Ford Motor Company will be converting factories across Illinois, Kentucky, Michigan, Missouri and Ohio to produce more fuel efficient car models, thanks to a loan from the Department of Energy. The $5.9 billion is part of the DOE's Advanced Technology Vehicles Manufacturing program, which supports the development of innovative, advanced vehicle technologies to create thousands of clean energy jobs while helping reduce the nation's dependence on foreign oil. The loan for Ford Motor Company is the first to be finalized since the program was appropriated in the fall of 2008, according to the DOE.
News of the loan follows the Obama administration's recently announced requirement of an average fuel economy of 35.5 miles per gallon by 2016. The new standard is expected to reduce oil consumption by an estimated 1.8 billion barrels, prevent greenhouse gas emissions of approximately 950 million metric tons, and save consumers more than $3,000 in fuel costs. Ford's loan from the DOE will enable it to meet those targets.

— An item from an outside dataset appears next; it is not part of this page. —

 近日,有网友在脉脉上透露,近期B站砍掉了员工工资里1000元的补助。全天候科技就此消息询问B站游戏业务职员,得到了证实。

"This investment is part of our commitment to creating the clean energy jobs of the future while supporting American innovation," US Energy Secretary Steven Chu says. "We can revitalize the American auto industry and at the same time reduce our dependence on oil and cut our carbon pollution."

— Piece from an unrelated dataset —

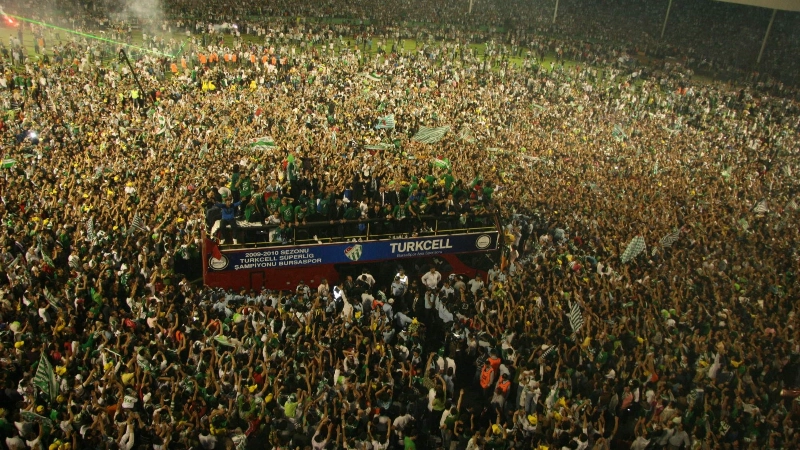 Yaşanan bu görüntüler 15 yıl önce yeşil-beyazlı ekibin Süper Lig şampiyonu olduğu günleri akıllara getirdi.Bursaspor, şampiyonluk kupasını o dönemki Türkiye Futbol Federasyonu Başkanı Mahmut Özgener'in elinden alarak üstü açık otobüsle şehir turu atmasının ardından büyük bir coşku içinde Bursa Atatürk Stadı'nda on binlerce taraftarının huzuruna çıkmıştı. Tarihinde ilk kez şampiyonluk sevinci yaşayan Bursalılar, stadı bayram yerine çevirirken, takımın gelmesiyle sahaya akın etmiş, insan selini andıran yaşanan bu görüntüleri ulusal ve yabancı basın "Timsah istilası" manşetleriyle sütunlarına taşımıştı.

The DOE issued a conditional loan commitment to Ford in June to finance as much as 80 percent of qualified expenditures to improve the efficiency of light vehicles by using technologies that improve internal combustion engines and transmissions, reduce vehicle weight, reduce vehicle drag with more aerodynamic designs, and improve vehicle efficiency through the development of hybrid and plug-in electric vehicles. The loan proceeds will allow Ford to raise the fuel efficiency of more than a dozen popular models, the DOE reports, representing close to two million new vehicles annually, and save more than 200 million gallons of gas a year.